My sister’s baby has arrived! She is seven pound something (the baby, not my sister) which I think is a perfect size for a baby. Small enough to fit comfortably through the, um, arrivals gate. If you get my metaphor in that sentence. The metaphor was “comfortably”.
Also, seven pounds is large enough to calmly weather any weight loss of the first few weeks--which of course will be the only time in her life that she will need to worry about this issue since she is a James Family Female. We have childbearing hips. Also, childbearing butts, legs, and arms. Bet you didn’t know that there was such a thing as childbearing butts, legs and arms. Most people don’t, until they bear children. There is childbearing everything.

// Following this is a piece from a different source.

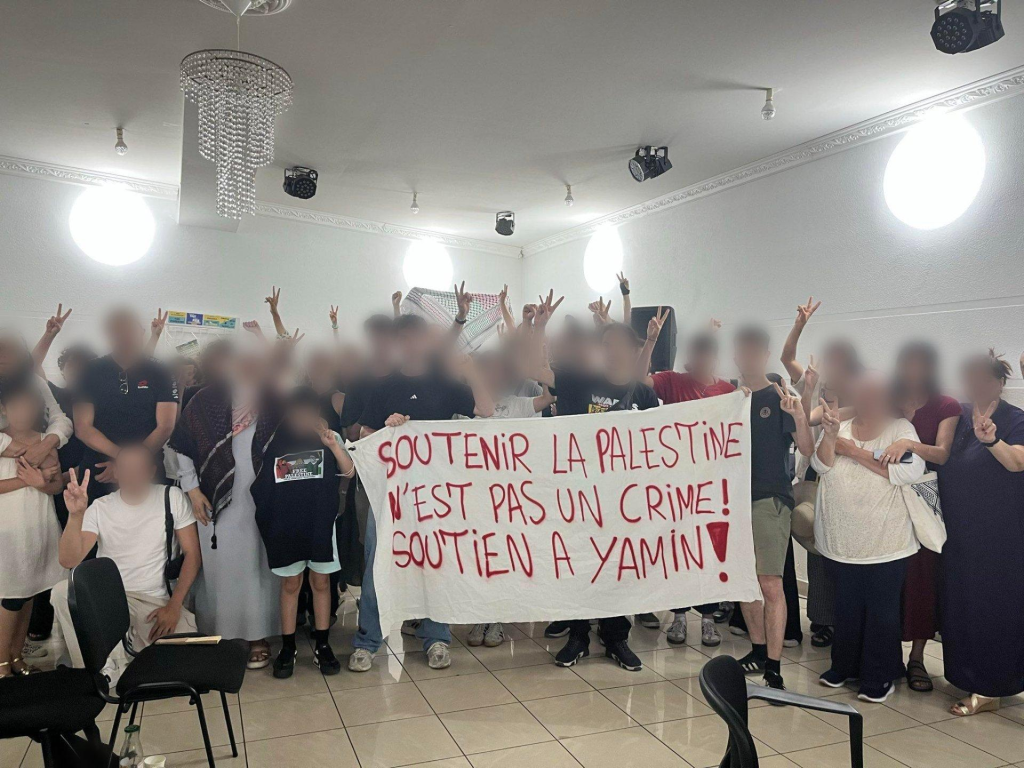 À la fin de la soirée, une photo est prise en soutien à Yamin, militant propalestinien lyonnais réprimé pour son soutien à la Palestine.
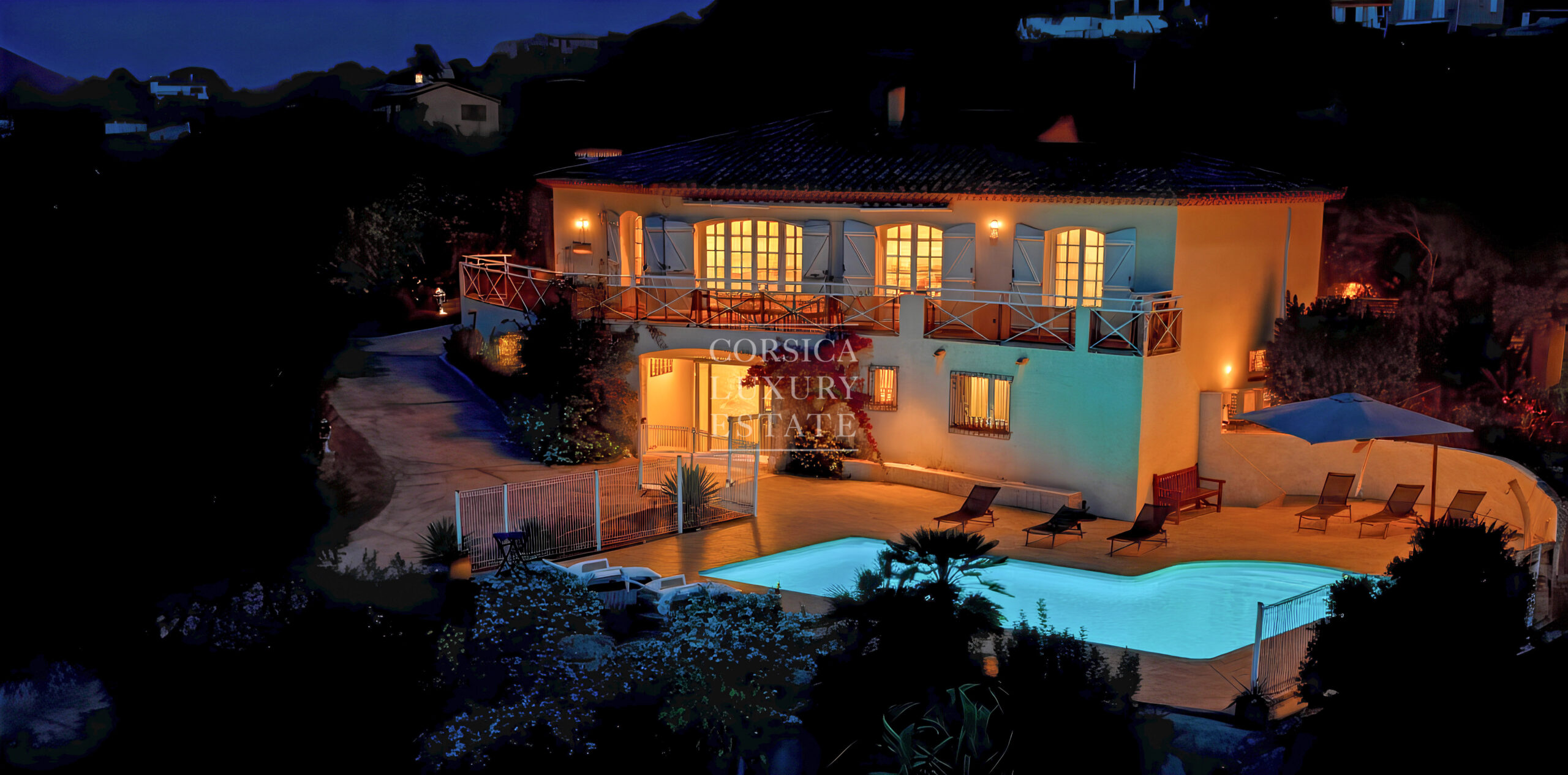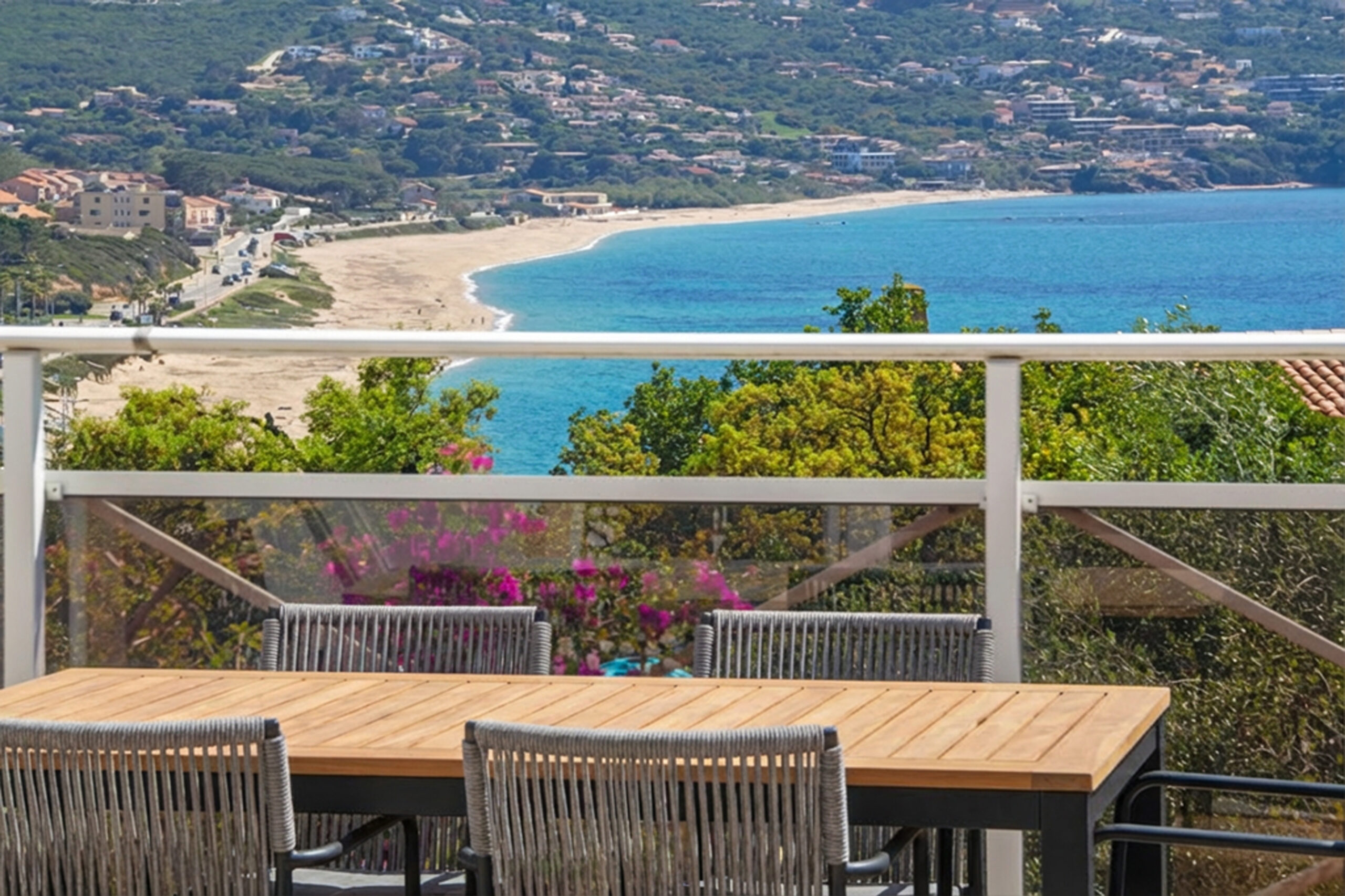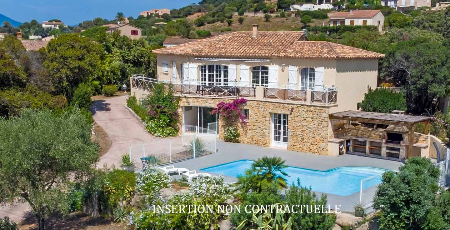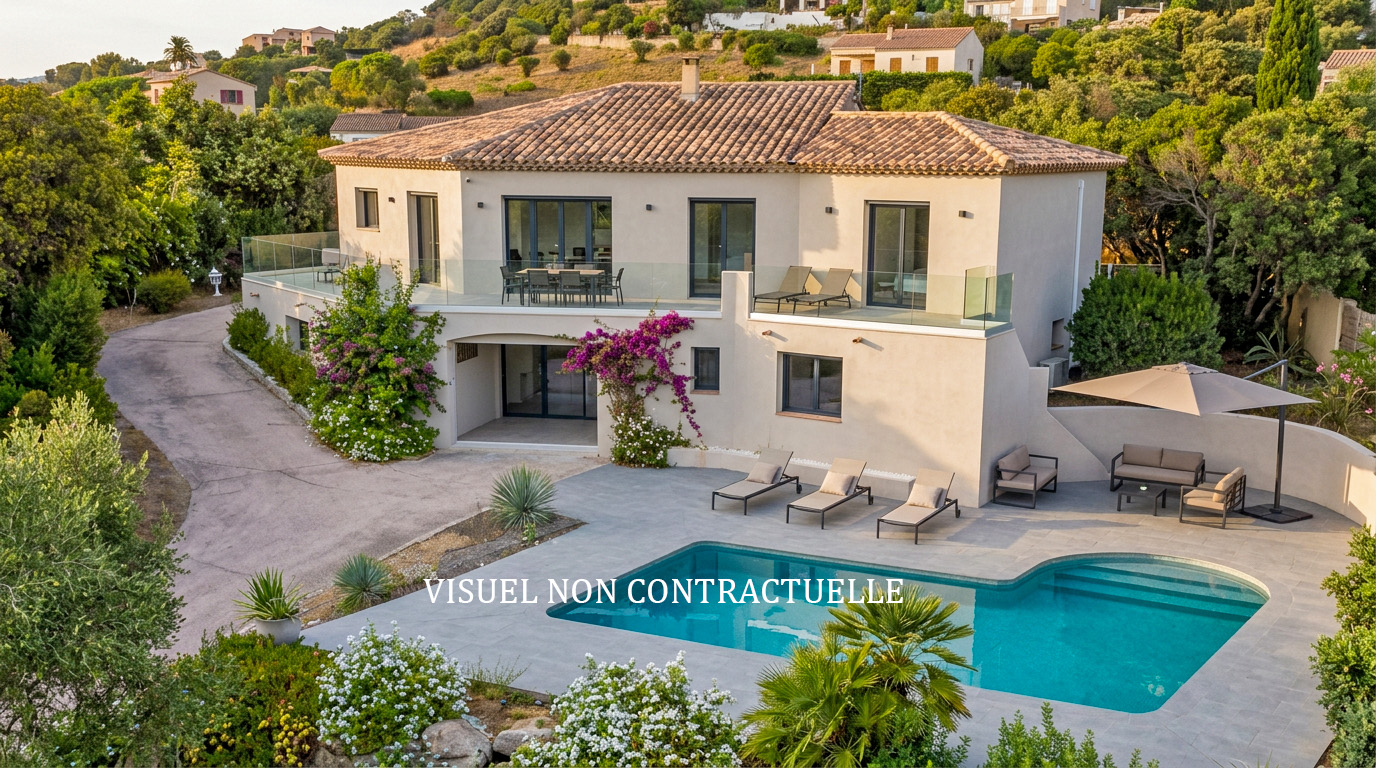Rive sud du golfe d'Ajaccio, villa contemporaine à vendre avec piscine et vue mer.

It was a water birth, on a lovely day, which allowed daddy, from his position in the water behind my sister to declare “can someone get me a beer?” between contractions. Which amused my sister. This is lucky for daddy, because they say a baby can drown in just a few inches of water, so I’m guessing that a labouring woman with an entire birthing pool at her disposal could have finished a grown man off without breaking a sweat.
In keeping with the whole “try not to use real names on your blog” rule, I will not tell you baby’s name. But I have to say that, if I did, you would think it was one of my fake names. And not just because my fake names are so uncreative.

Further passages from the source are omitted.